Jury selection begins on Tuesday in the long-awaited trial of Elizabeth Holmes, the disgraced founder of the blood testing start-up Theranos who faces a dozen counts of fraud and conspiracy to commit wire fraud.
At the heart of the trial are questions of what exactly Ms. Holmes, 37, knew of the problems with Theranos’s blood-testing devices and whether she intentionally misled investors over the company’s technology. If convicted, she could serve up to 20 years in prison.

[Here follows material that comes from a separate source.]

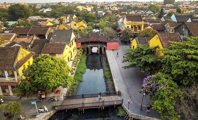Chùa Cầu nhìn từ trên cao, biểu tượng của du lịch Hội An.
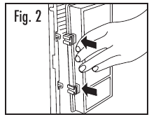 - Allineare il/i fermo/i sul lato del/dei filtro/i Aer1® con le guide all'interno dell'unità purificatore. Far scorrere delicatamente il/i filtro/i sulla guida. (Fig. 2)

The case has captured public attention as another example of a Silicon Valley start-up gone wrong. But Theranos was unusual in that it was led by a female entrepreneur. Ms. Holmes exploited that difference, using it to build attention. She often wore a Steve Jobs-esque uniform of a black turtleneck and spoke in an unusually deep voice. Before Theranos fell from grace, Ms. Holmes was crowned the world’s youngest billionaire and regularly posed for magazine covers.
Her high profile may pose a challenge for jury selection. Prosecutors and her defense lawyers may find it difficult to pick jurors who have not already made up their minds about the case. Around half of the 200 potential jurors had already consumed media related to the case, according to court filings last week.
Potential jurors have filled out a 28-page questionnaire asking them about their media consumption habits, medical history and knowledge of more than 200 possible witnesses. An even more extensive questionnaire put forth by Ms. Holmes’s legal team included more than 100 questions. In June, it was rejected by Judge Edward Davila of U.S. District Court for the Northern District of California, who is overseeing the case. The trial is in San Jose, Calif.